* **Problem statement**:
Write out the full listing exactly as given, minus the images.
BEGIN Source material
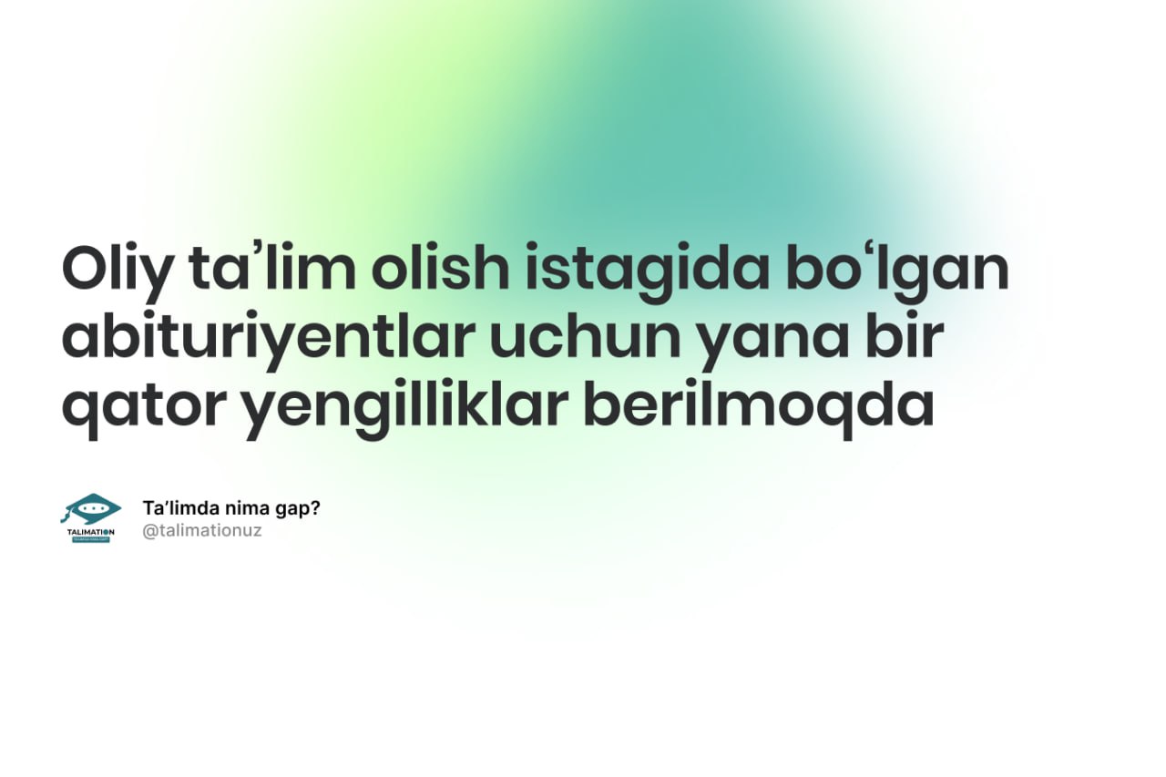 Bundan tashqari, mazkur imtiyoz faqat bakalavr emas, magistratura bosqichida o'qiyotganlarga ham beriladi. Bunda bakalavriatning kunduzgi, sirtqi va kechki shakli, magistraturaning faqat kunduzgi yo'nalishi bo'lishi kerak.
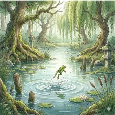 あえて言えば「蛙飛び出た 水の音」みたいなものですが、水中からカエルが飛び出しても、あのような飛沫にはなりません。ナンセンスです。
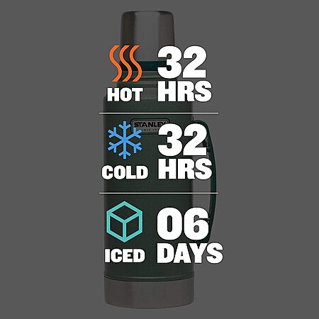 Model: Stanley Heritage Classic Vacuum Bottle with Handle 2.0 qt | Wide Mouth with Leakproof Cup Lid | Keep Drinks Hot or Cold for Travel | Insulated Stainless Steel Thermal Bottle | Hammertone Green
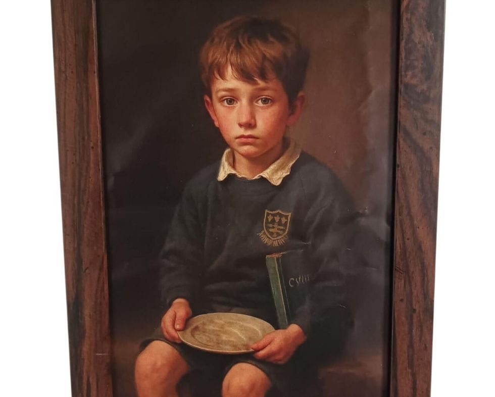 The artwork, titled Empty Plate (2024), depicts a young boy wearing school uniform and holding a plate. It was generated using AI before being printed.
END Source material
* **Answer below**:
 Bundan tashqari, mazkur imtiyoz faqat bakalavr emas, magistratura bosqichida o'qiyotganlarga ham beriladi. Bunda bakalavriatning kunduzgi, sirtqi va kechki shakli, magistraturaning faqat kunduzgi yo'nalishi bo'lishi kerak.
 あえて言えば「蛙飛び出た 水の音」みたいなものですが、水中からカエルが飛び出しても、あのような飛沫にはなりません。ナンセンスです。
 Model: Stanley Heritage Classic Vacuum Bottle with Handle 2.0 qt | Wide Mouth with Leakproof Cup Lid | Keep Drinks Hot or Cold for Travel | Insulated Stainless Steel Thermal Bottle | Hammertone Green
 The artwork, titled Empty Plate (2024), depicts a young boy wearing school uniform and holding a plate. It was generated using AI before being printed.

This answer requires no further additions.